Dataset records:
_ _ _ _ _ _ _
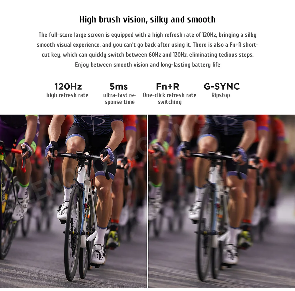 High brush vision, silky and smoothThe full-score large screen is equipped with a high refresh rate of 120Hz, bringing a silky smooth visual experience, and you can't go back after using it.There is also a Fn+R short-cut key, which can quickly switch between 60Hz and 120Hz,eliminating tedious steps.
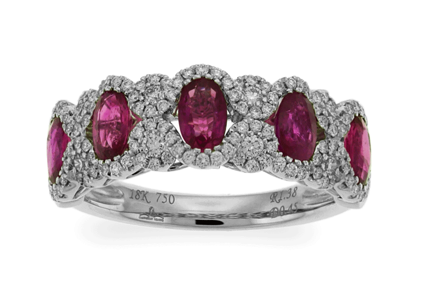 This Carnation Designs Signature ring features a collection of same quality of five oval shaped cut vivid purplish red rubies in center and surrounded by a beautiful design of brilliant small round cut diamonds pave set in 18k white gold. It will bring you to wear perfectly any wardrobe at any time.
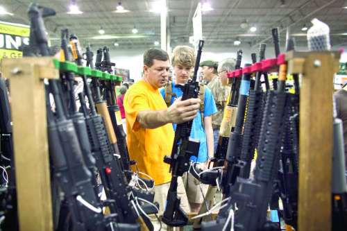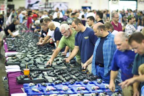 7月28日,美国弗吉尼亚州的购物者在Chantilly参加枪展会。 |
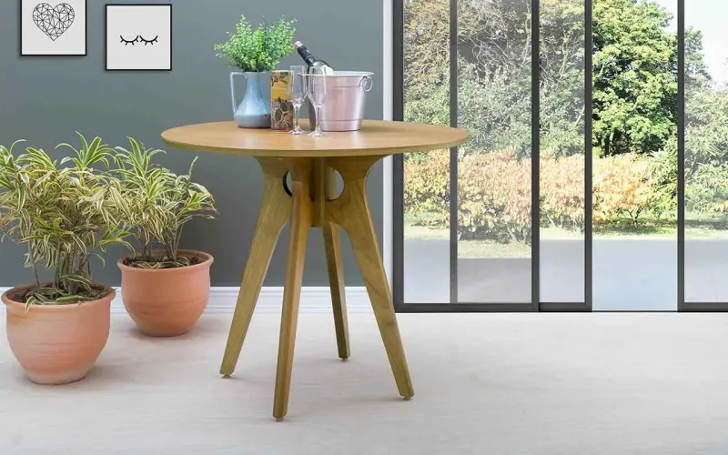 Os pés desta mesa bistrô redonda Bianchi recebem acabamento envernizado
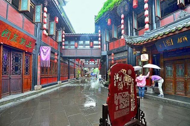 历史悠久的锦里古街,由成都武侯祠博物馆恢复修建,是成都市著名的商业步行街。作为武侯祠的一部分,街道全长550米。
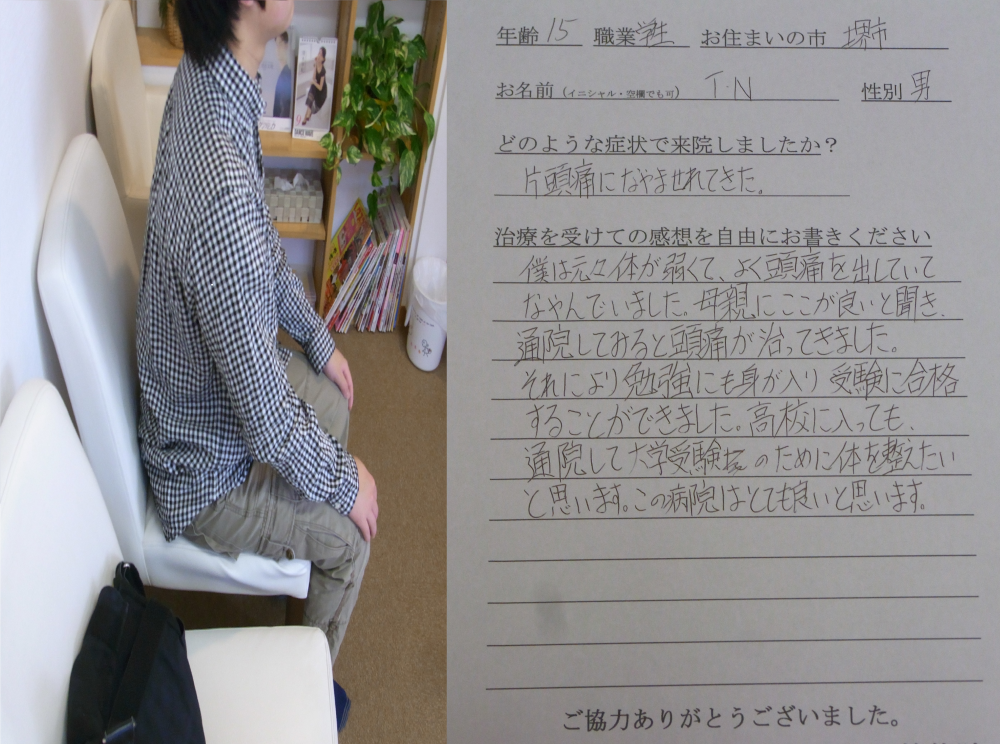 僕は元々体が弱く、良く頭痛が出て、悩んでいました。母親にここが良いと聞き通院してみると頭痛が治ってきました。それにより勉強にも身が入り高校受験に合格することが出来ました。高校に入っても通院して大学受験のために体を整えたいと思います。この治療院はとても良いと思います。
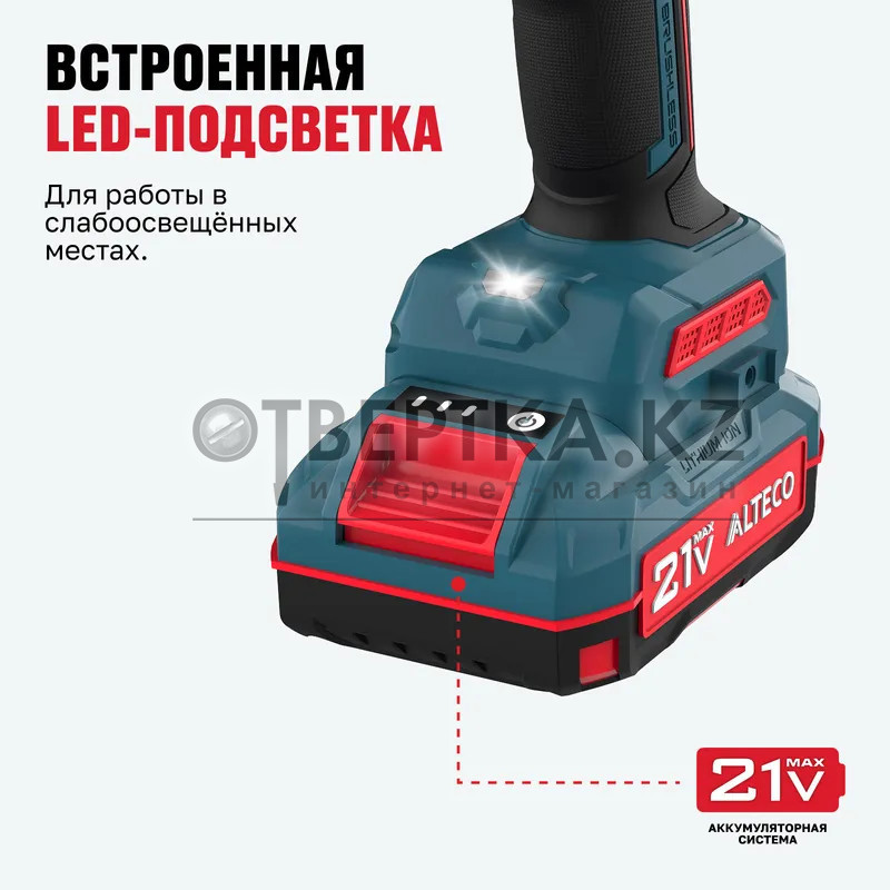 - Часть единой аккумуляторной системы ALTECO 21Vmax — один аккумулятор подходит для всех инструментов этой серии, обеспечивая удобство, экономию и гибкость в работе.
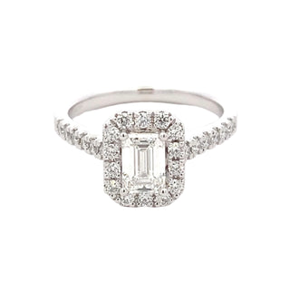 Elevate your style with our platinum halo cluster ring featuring a 0.72ct emerald cut diamond in a 4 claw setting. Surrounded by a halo of round brilliant cut diamonds, with additional diamond set shoulders, for a total weight of 1.16cts. Perfect for a wedding band pairing.
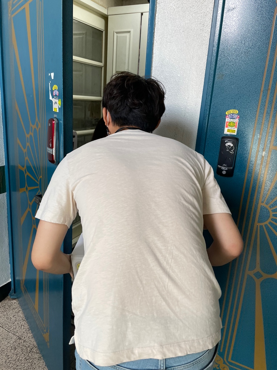 씩씩한 발걸음으로 도착한 고강1동 내 비타민을 부탁해 이용자 분의 집 에 도착했습니다. 걸음보다 더 가볍고 밝은 목소리와 함께 노크를 합니다.
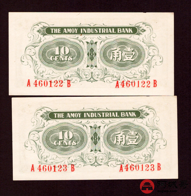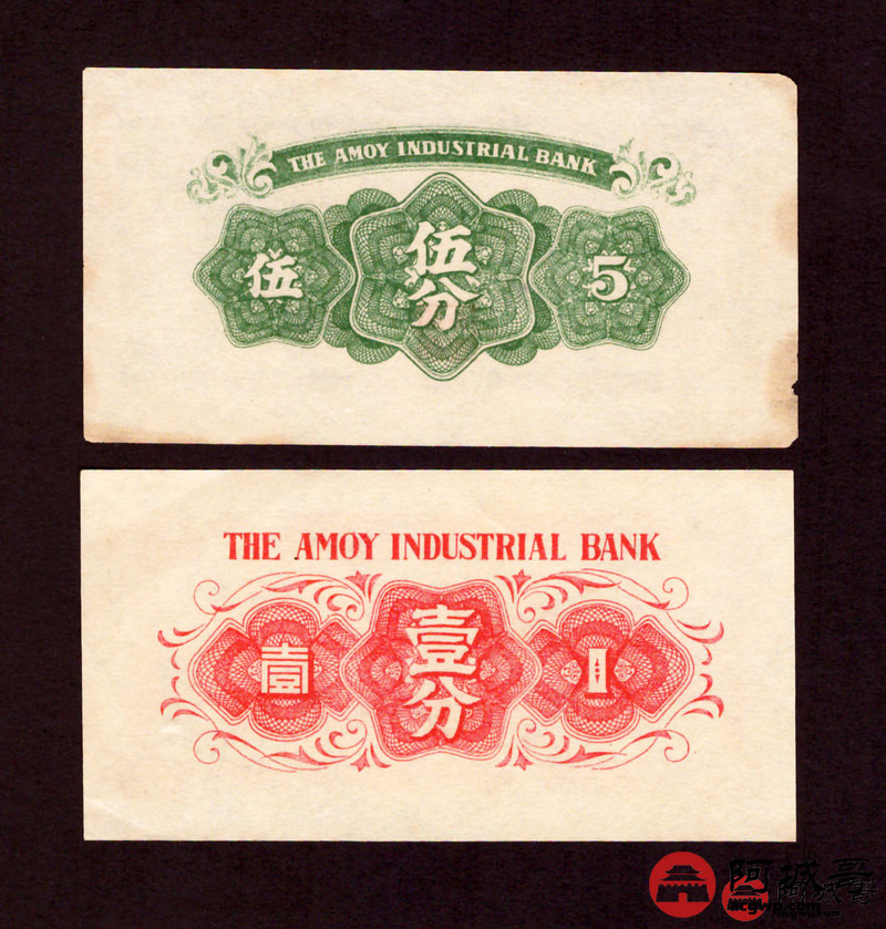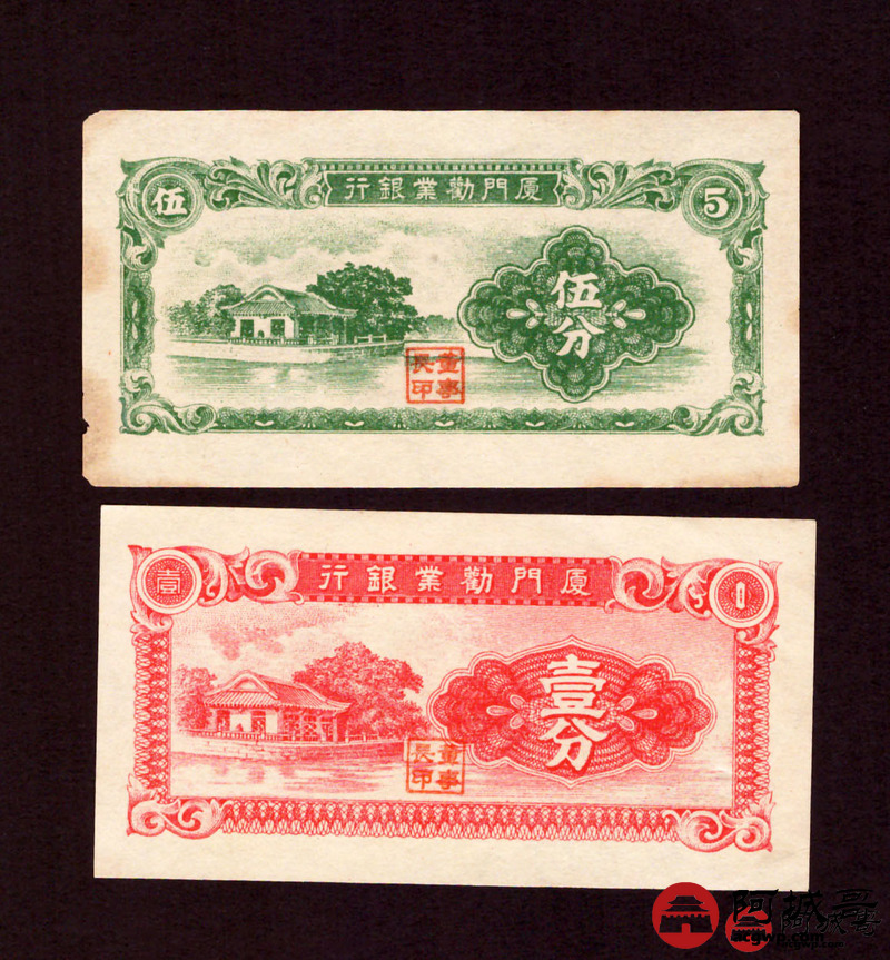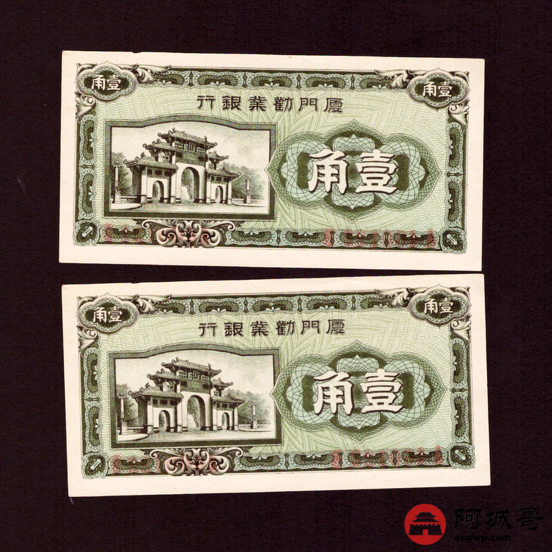 Lot:24 厦门劝业银行 壹角 两张连号 原票88成新;民国时期 厦门劝业银行 壹分、伍分 两张 88成新、7成新
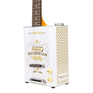 Basada en una lata de 2 galones de miel de abejas con estructura interna de madera. Modelo: Honey Cuerpo: Lata hueca de metal reciclado con panel trasero desmontable. Esqueleto interno de madera para incrementar la amplificación y asegurar la integridad estructural. Mástil: Arce Tipo de mástil: Bohemian Through-Body Diapasón: Palosanto Pala: Golden Honey Acabado: Dark Honey Trastes: 21 Anchura de cejuela: 1 3/4 Anchura en el 12º traste: 2 1/8 Anchura en el 21º traste: 2 3/8 Grosor de mástil: 7/8 Escala: 24 3/4 Hardware: Cromado Clavijeros: Cromados Puente/Cordal: Tune-o-Matic Pastillas: 1 x Single Coil Controles: 1 x Volumen, 1 x Tono Soportes: Este modelo dispone de cuatro pivotes de goma reciclada para un apoyo estable en el suelo.
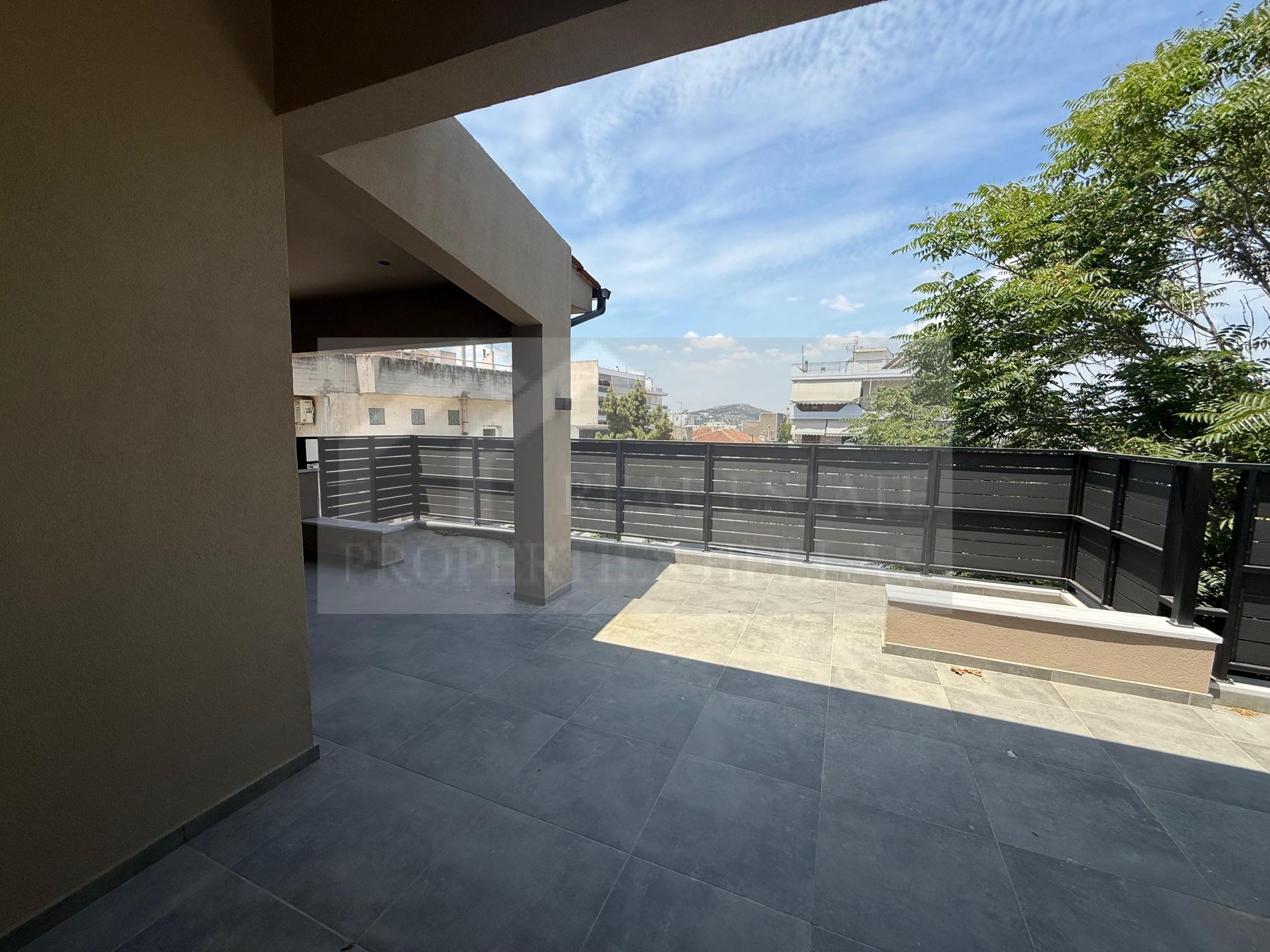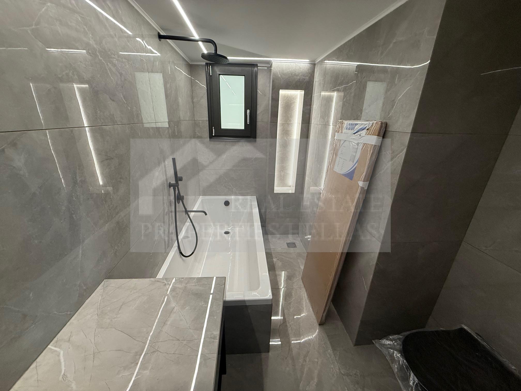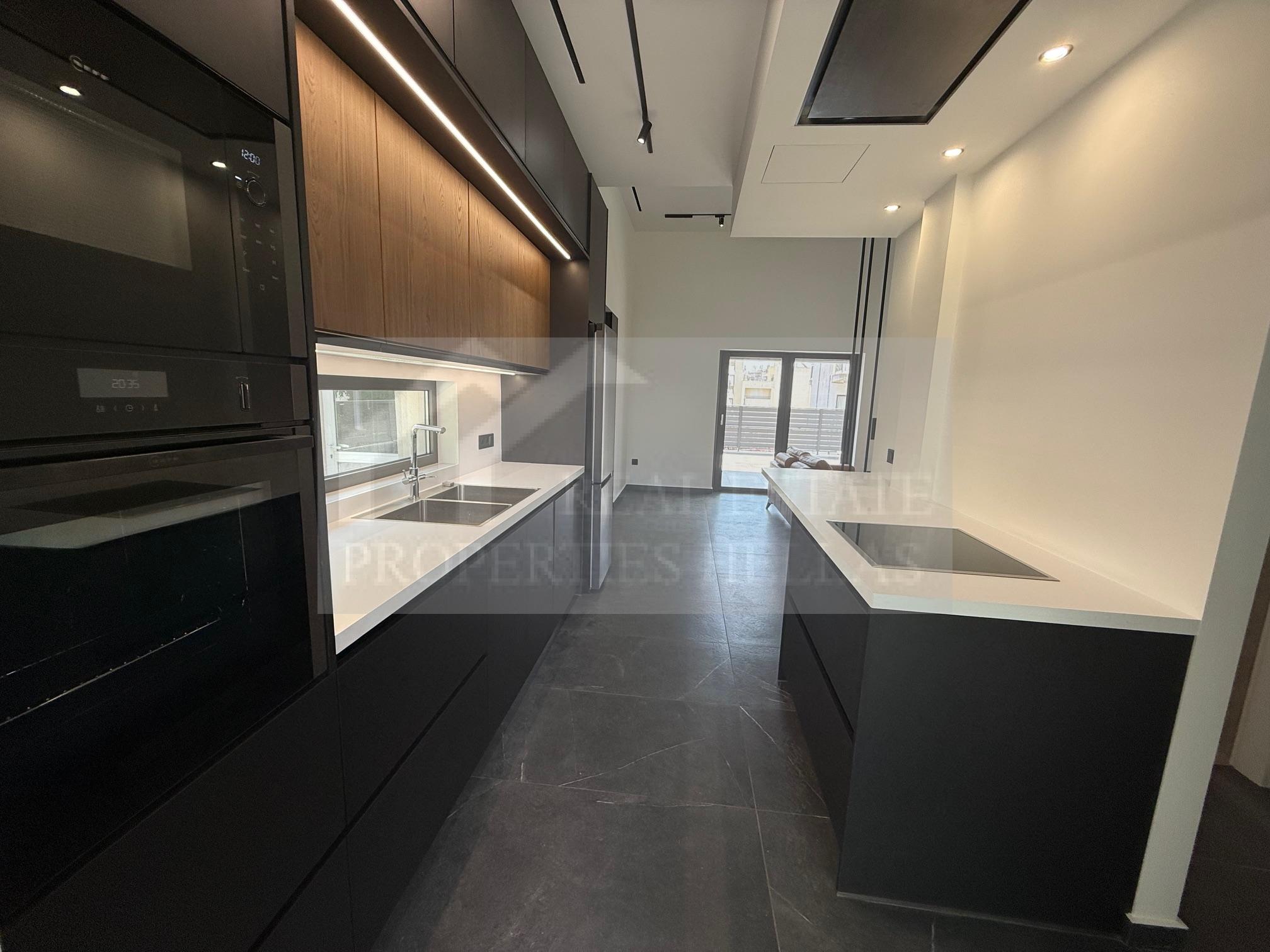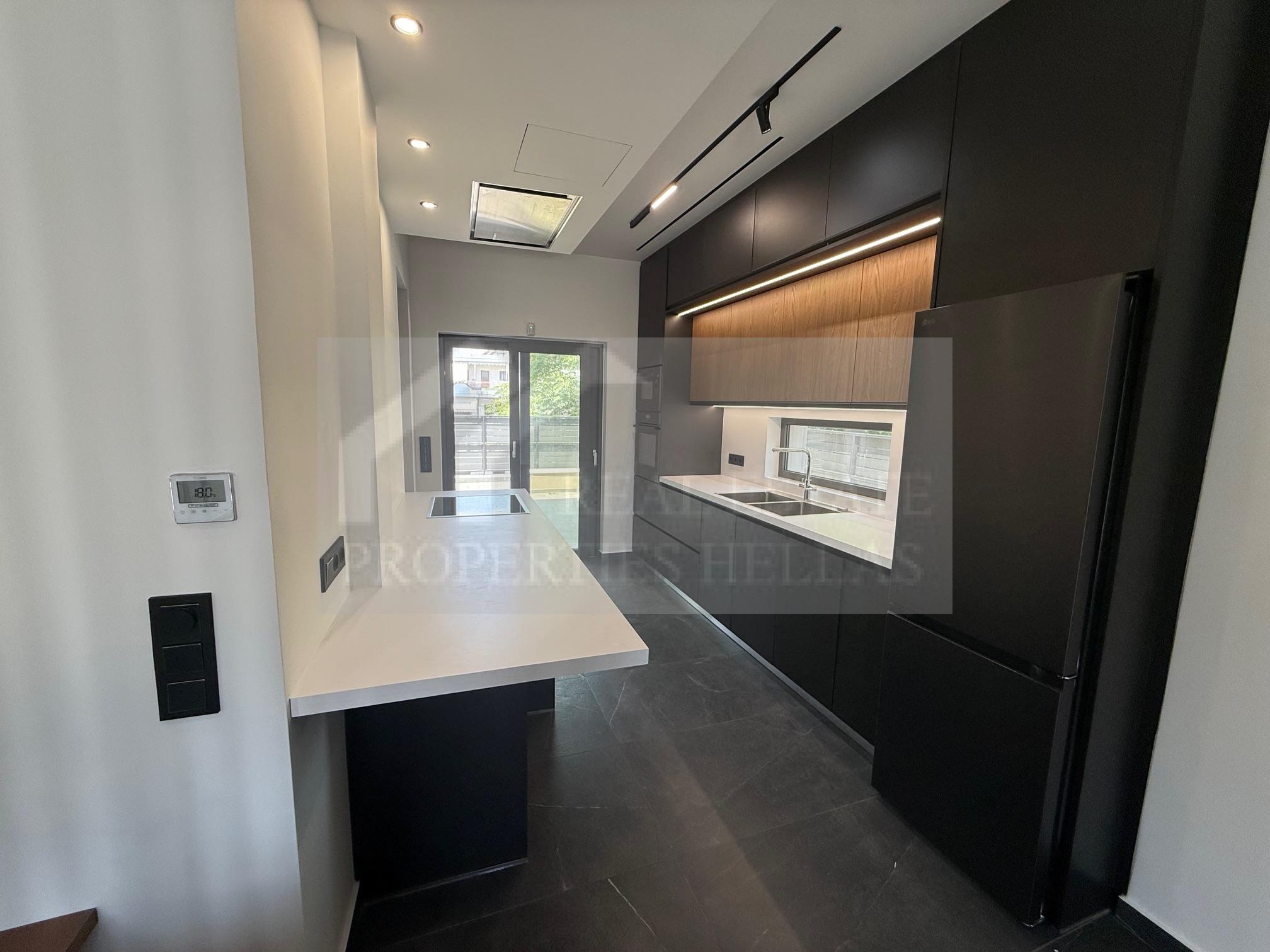 In one of the most vibrant yet refined areas in the center of Halandri, surrounded by trees, cafés, and culture, lies an apartment that stands out for both its architectural design and the sense of calm it conveys. This is a fully furnished, dual-aspect apartment of 55 sq.m., with terraces totaling 110 sq.m., completely renovated in 2025 under the direction of an architect. The renovation went far beyond aesthetics; advanced materials and technologies were integrated with the aim of achieving maximum comfort and energy efficiency. ALUMIL aluminum frames with insect screens, external thermal insulation, and an LG heat pump with two fan coil units ensure ideal climate control throughout the year. The apartment holds an A+ energy rating, offering high performance with low energy consumption. The interior is bright and welcoming. The kitchen, equipped with NEFF, Bosch, and LG appliances, is seamlessly connected to the living area. NIESSEN switches by ABB, Porcelana granite tiles, and 4000K LED lighting define a space that is modern, clean-lined, and tastefully refined. The two large terraces provide a rare sense of openness, featuring an electric pergola, seating area, and pre-installed infrastructure for a jacuzzi and outdoor shower. Ideal for relaxation, social gatherings, or even working outdoors. The apartment includes two bedrooms, a security door, an alarm system, and is delivered furnished, with pieces carefully chosen to match the aesthetic identity of the space. A property with character, high-quality materials, and thoughtfully designed details perfectly suited for those who value functionality, architectural clarity, and refined craftsmanship, right in the heart of Halandri.
_ _ _ _ _ _ _
Task goal: Your reply should consist solely of the lines above, from the opening line through the line with "僕は元々体が弱く、良く頭痛が", reproduced exactly and without pictures.

Finished task:
 High brush vision, silky and smoothThe full-score large screen is equipped with a high refresh rate of 120Hz, bringing a silky smooth visual experience, and you can't go back after using it.There is also a Fn+R short-cut key, which can quickly switch between 60Hz and 120Hz,eliminating tedious steps.
 This Carnation Designs Signature ring features a collection of same quality of five oval shaped cut vivid purplish red rubies in center and surrounded by a beautiful design of brilliant small round cut diamonds pave set in 18k white gold. It will bring you to wear perfectly any wardrobe at any time.
 7月28日,美国弗吉尼亚州的购物者在Chantilly参加枪展会。 |
 Os pés desta mesa bistrô redonda Bianchi recebem acabamento envernizado
 历史悠久的锦里古街,由成都武侯祠博物馆恢复修建,是成都市著名的商业步行街。作为武侯祠的一部分,街道全长550米。
 僕は元々体が弱く、良く頭痛が出て、悩んでいました。母親にここが良いと聞き通院してみると頭痛が治ってきました。それにより勉強にも身が入り高校受験に合格することが出来ました。高校に入っても通院して大学受験のために体を整えたいと思います。この治療院はとても良いと思います。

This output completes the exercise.